- lunes 28 de febrero de 2011 - 12:00 AM
Me piden investigar el destino de una becas escolares por el 4-1 porque nadie sabe nada. Pero alguien me dice que uno que sabe el paradero de las becas es un Morenazo del disco rayado que tiene una buena chamba en el Tránsito.
Ya se dijo que el chief de seguridad de un banco estatal hacía compras para la entidad a una empresa de su hermano. Lo que no se dijo fue que el dueño de la empresa beneficiada era secretario privado del Muñeco.
Los fiscales le tiraron la toalla al Mello del Populoso en el caso del faltante de un cuarto de millón de rúcanos. El mejor mensaje que el disco rayado puede mandarle a los que tienen ganas de brincar.
Se supo que al alcalde de San Félix patinó al decir que Pacha iba a encabezar la comisión de alto nivel que iba a negociar el cese de las protestas con los indígenas ngabes. El chief de los negociadores fue el Griego.
Me contó un sapo sanfeleño que los indígenas invitaron al Griego a negociar en San Félix y el supraministro ni los dejó terminar de hablar cuando contestó: ¡ñagare! Después se armó de valor y fue.
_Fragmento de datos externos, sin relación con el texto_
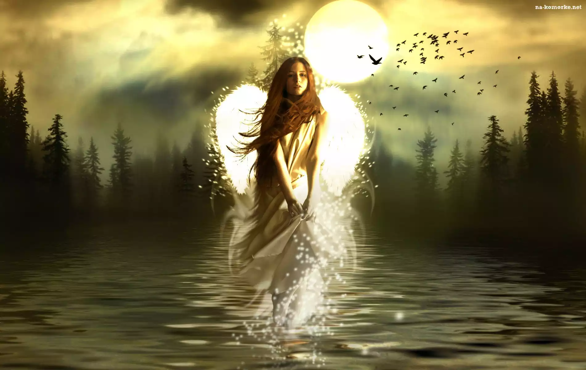 Kobieta, Fantasy, Jezioro, Las na Komórkę
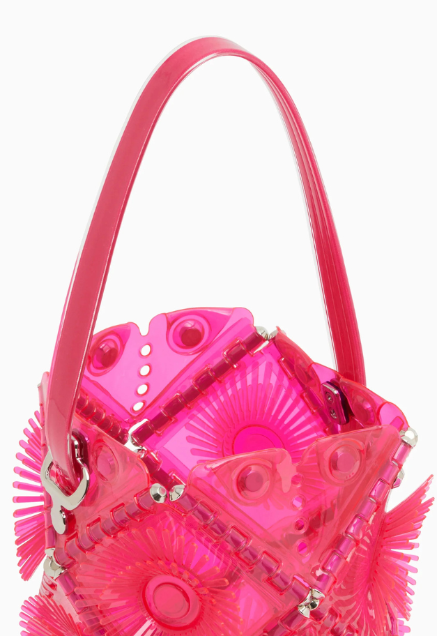 新たなアイコンバッグ「SABOTEN」バッグを構成する各ピースに、過酷な環境下でも花を咲かせるサボテンをイメージした装飾が施されています。口元にはマグネットを使用した新構造を採用したことで、様々な閉じ方にアレンジが可能となりました。
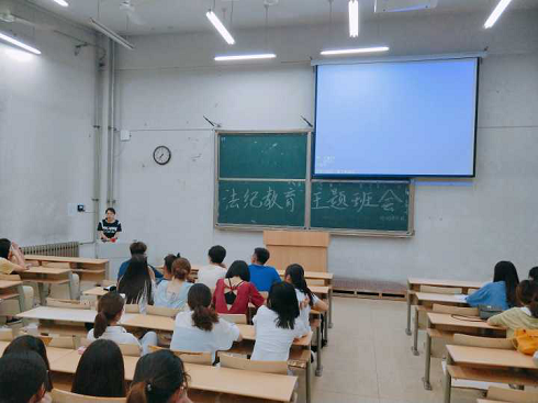6月2日,太阳成城集团tyc234cc于1号教学楼107、308、309教室分别开展了诚信法纪教育主题班会,太阳成城集团tyc234cc学生科科长苏成荣、辅导员刘浩天、尚璐璐以及全体学生参加了本次班会。
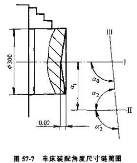 圖57-7為車床精度標(biāo)準(zhǔn)中精車端面的平面度要求,在300mm直徑上,只允許凹入0.02mm,在圖中以ao表示。ao在裝配工作中靠主軸軸線Ⅰ與床身V形導(dǎo)軌Ⅱ在水面內(nèi)的平行度a1和橫向滑板上燕尾導(dǎo)軌Ⅲ對床身V形導(dǎo)軌Ⅱ的垂直度a2來保證。若規(guī)定a1=0~0.015/300,即只允許主軸前端向前偏,待確定a2的尺寸及偏差。

Se supo que ayer trasladaron a Paco a la corregiduría de Río Abajo para sancionarlo por supuestamente incitar a los indígenas a protestar. Mucho frulo porque gente de la Migra rondaron la corregiduría diciendo que un avión esperaba al periodista.
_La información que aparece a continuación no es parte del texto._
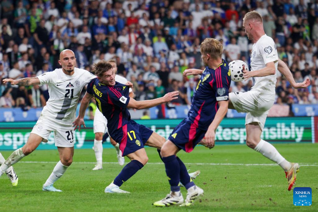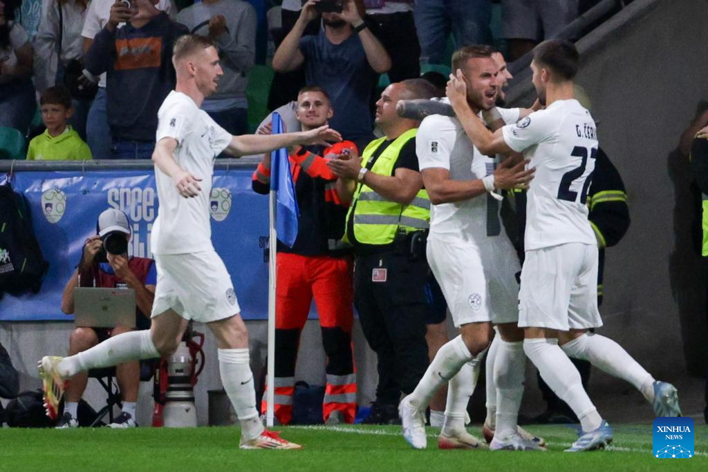 Players of Slovenia celebrate scoring during the 2026 FIFA World Cup Qualifiers football match between Slovenia and Sweden in Ljubljana, Slovenia, Sept. 5, 2025. (Photo by Zeljko Stevanic/Xinhua)
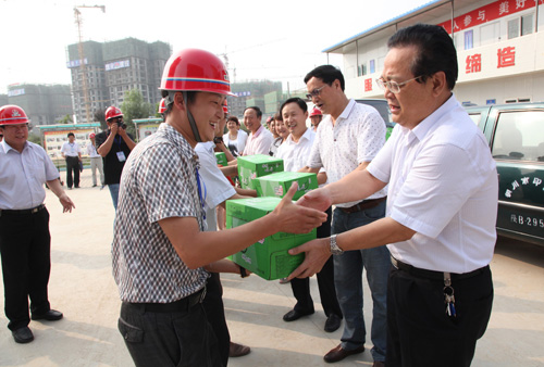 7月18日,馬富元一行在建設(shè)集團(tuán)總經(jīng)理張超暉,黨委副書(shū)記、紀(jì)委書(shū)記、工會(huì)主席楊永紅等人的陪同下,帶著綠茶、綠豆、酸梅粉、西瓜等防暑降溫慰問(wèn)品,深入建設(shè)集團(tuán)銅煤1#、2#工地,看望慰問(wèn)高溫下堅(jiān)守崗位的一線建設(shè)者,給他們送上夏日的一抹清涼。

Lo que dio risa a los manifestantes fue que el corregidor le metió una multa de cinco palos a Paco por revoltoso.
Será verdad que los siameses que controlan el partido perredoso manejan unas encuestas internas que no quieren dar a conocer porque su candidato sale bajito.
Me preguntaron si Roxi sabrá que un buen par de brazaletes electrónicos para detenidos que tienen casa por cárcel no funcionan, cosa que sí saben los delincuentes y que aprovechan para irse a la playa y a las rumbas. ¿Cómo?
Me contaron que la China del Molirena se opone a la fusión de este partido con el disco rayado, pero uno de sus hermanos ya fue pa’ lante y es un ferviente seguidor de los enzapatilla’os.
Hablando de gallos, se supo que Kikiriruíz le hizo la pacheca a sus adversarios internos al alquilar un local en el que los que se oponen a la fusión pretendían hacer una reunión.